La valse commença. Clémence jouant le chant et Octave la basse, deux mains restaient inoccupées, celles-là précisément qui étaient voisines l’une de l’autre. Or que peuvent faire deux mains inoccupées et voisines, quand l’une appartient à un homme hardiment amoureux, l’autre à une jeune femme qui, ayant depuis longtemps maltraité son amant, se trouve au bout de sa sévérité? Avant la fin de la première reprise, les doigts blancs et effilés de la clef de sol furent en prison dans ceux de la clef de fa, sans que cela fît le moindre tort à l’effet du morceau, car la vieille tante dormait toujours.
Un moment après, la bouche d’Octave se colla sur cette main un peu tremblante, comme s’il eût voulu en imbiber de son âme la peau tiède et parfumée.
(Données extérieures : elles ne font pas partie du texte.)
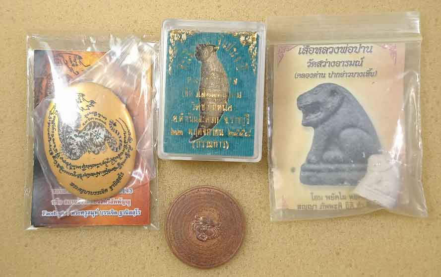 ล็อกเก็ตเสือ พระครูสมุห์ บรรเจิด + เขี้ยวเสือ หลวงพ่อหวล วัดชาวเหนือ ราชบุรี + เหรียญบารมี 30 ทัศน์ หลวงพ่อศรีนวล วัดเพลง จ.นนทบุรี + เสือผงหลวงพ่อปาน วัดคลองด่าน |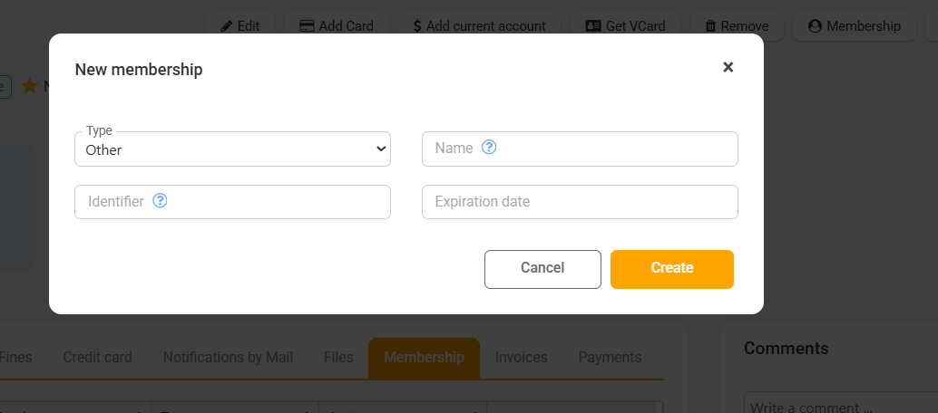 Fill in the fields accordingly and click on Create to assign the membership to the client.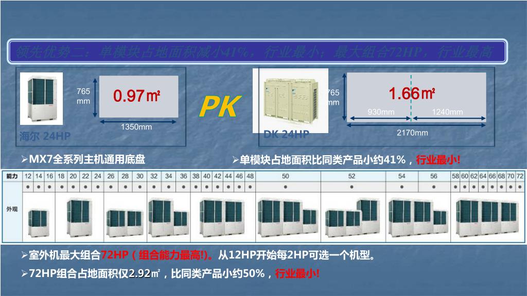 领先优势二:单模块占地面积减小41%,行业最小;最大组合72HP,行业最高领先优势二:单模块占地面积减小41%,行业最小;最大组合72HP,行业最高 1.66㎡ 0.97㎡ 765mm PK 765mm 930mm 1240mm 1350mm 2170mm DK 24HP 海尔 24HP • MX7全系列主机通用底盘 • 单模块占地面积比同类产品小约41%,行业最小! • 室外机最大组合72HP(组合能力最高!)。从12HP开始每2HP可选一个机型。 • 72HP组合占地面积仅2.92㎡,比同类产品小约50%,行业最小!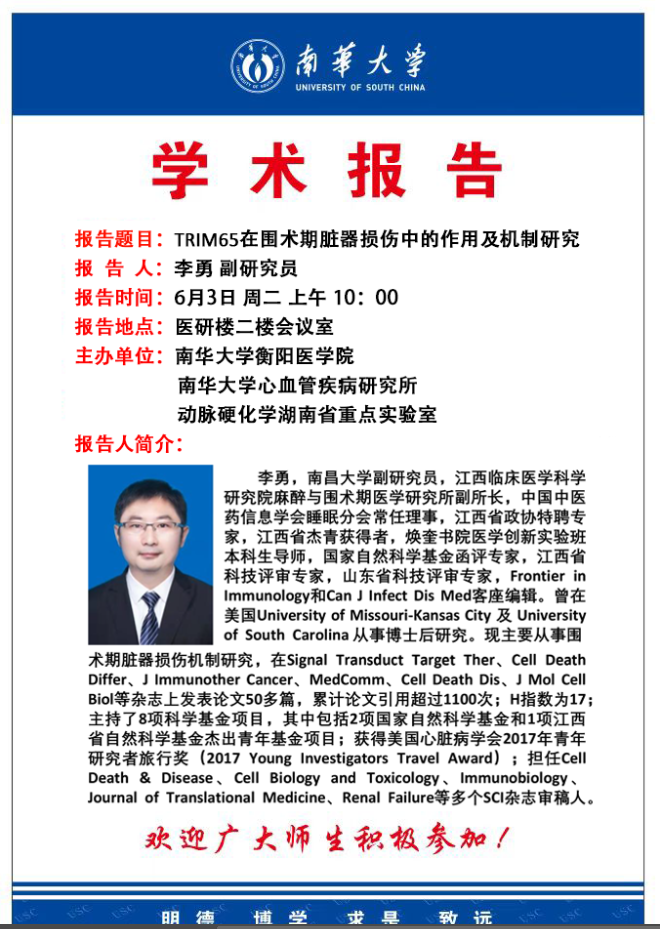 学术报告 | 符民桂教授:脓毒性休克的分子调控机制 & 李勇副研究员:TRIM65在围术期脏器损伤中的作用及机制研究

Deux fois la baronne essaya de se dégager, car elle sentait le frisson de cette caresse circuler dans ses veines, deux fois la force lui manqua, et sa tentative finit par se changer en une pression contre les lèvres tenaces qu’elle croyait posées sur son cœur; la main rendait le baiser. Il commençait à devenir urgent que la vieille tante s’éveillât, mais elle dormait mieux que jamais, car la valse continuait toujours: et si une légère indécision se faisait remarquer dans le chant, la main gauche, au contraire, frappait ses grosses notes avec une énergie capable de métamorphoser Mlle de Corandeuil en une seconde Belle au bois dormant.
... Les doigts blancs et effilés de la clef de sol furent en prison dans ceux de la clef de fa...
—Dessin de WEISZ, gravure de H. MANESSE
Lorsque Octave eut bien longtemps, bien doucement, bien tendrement caressé cette main qu’on ne lui disputait plus, il leva la tête pour obtenir une faveur nouvelle; car un amant n’est jamais comme la mer, à laquelle il a été dit: Tu n’iras pas plus loin! Cette fois Mme de Bergenheim ne détourna pas les yeux; mais, après avoir regardé un instant Octave, comme doivent regarder les anges, elle lui dit avec une coquetterie pleine de séduction:
—Aline?
La contemplation muette qui répondit à cette question renfermait un démenti si éloquent, que toute parole devenait superflue. En se sentant aimé, Gerfaut rendit grâce à la ruse qui lui avait procuré le bonheur dont il jouissait; mais il la dédaigna pour mieux savourer ce bonheur même. Son sourire doux et fin trahit le secret de son machiavélisme; il fut compris et pardonné. En ce moment, il n’y avait plus entre eux ni doutes, ni craintes, ni combats; il leur avait fallu bien des efforts pour se désunir: d’une même chute ils retombaient au sein l’un de l’autre. Ils n’éprouvaient pas même le besoin d’une explication pour la mutuelle souffrance qu’ils s’étaient faite, car la souffrance n’existait plus et ils étaient entrés dans ce paradis de l’amour dont l’extase est rendue plus délicieuse encore par le souvenir des peines passées. Ils restèrent longtemps en silence, heureux de se voir, d’être l’un près de l’autre, d’être seuls, car la vieille tante dormait toujours, de respirer le même air, de sentir leur cœur battre d’un même accord, de se bercer mollement dans leur tendresse au son de cette musique de plus en plus confuse et incertaine, et craignant de faire évanouir par un seul mot les charmes ineffables de cette félicité. Ils échangèrent leurs âmes dans de longs regards, dont l’ardeur et l’adoration étaient égales, car les dernières résistances étaient domptées au cœur de Clémence. Et quand elle sentit les lèvres de son amant remplacer sur les siennes le baiser de leurs yeux, elle se raidit dans les bras qui l’enlaçaient en pressant le clavier par une contraction nerveuse; il lui sembla que le salon tournait, que le jour devenait nuit, et que sa vie s’exhalait tout entière dans un soupir lentement respiré par la bouche d’Octave.
La valse était finie, et pourtant Mlle de Corandeuil ne s’était pas éveillée. Aucun son ne se faisait plus entendre; on eût dit que le sommeil avait aussi gagné les deux amants, immobiles dans les bras l’un de l’autre comme deux anges en prière. Le charme fut rompu tout à coup par un bruit épouvantable, semblable à la trompette qui doit appeler les coupables au dernier jugement.